___ Data shown ___
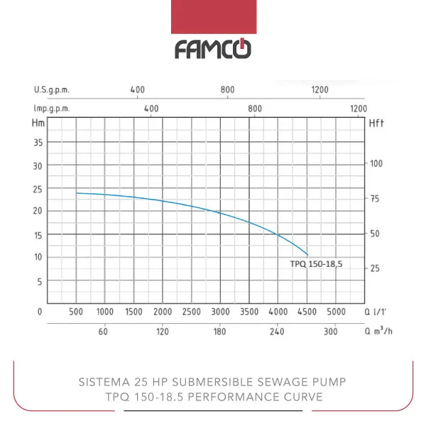 Sistema 25 HP Submersible Sewage Pump TPQ 150-18.5 Performance Data
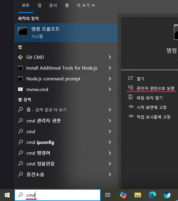 해결 방법: '관리자 권한'으로 실행해야 합니다.
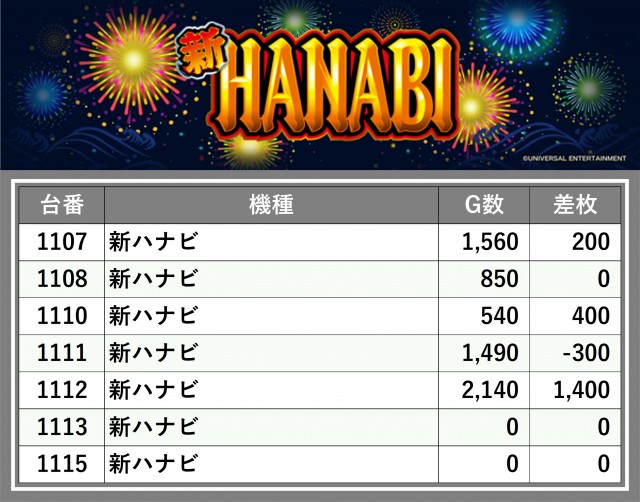 ※台番順に掲載しています
___
Set down the data above word for word, leaving every picture out.

The answer
 Sistema 25 HP Submersible Sewage Pump TPQ 150-18.5 Performance Data
 해결 방법: '관리자 권한'으로 실행해야 합니다.
 ※台番順に掲載しています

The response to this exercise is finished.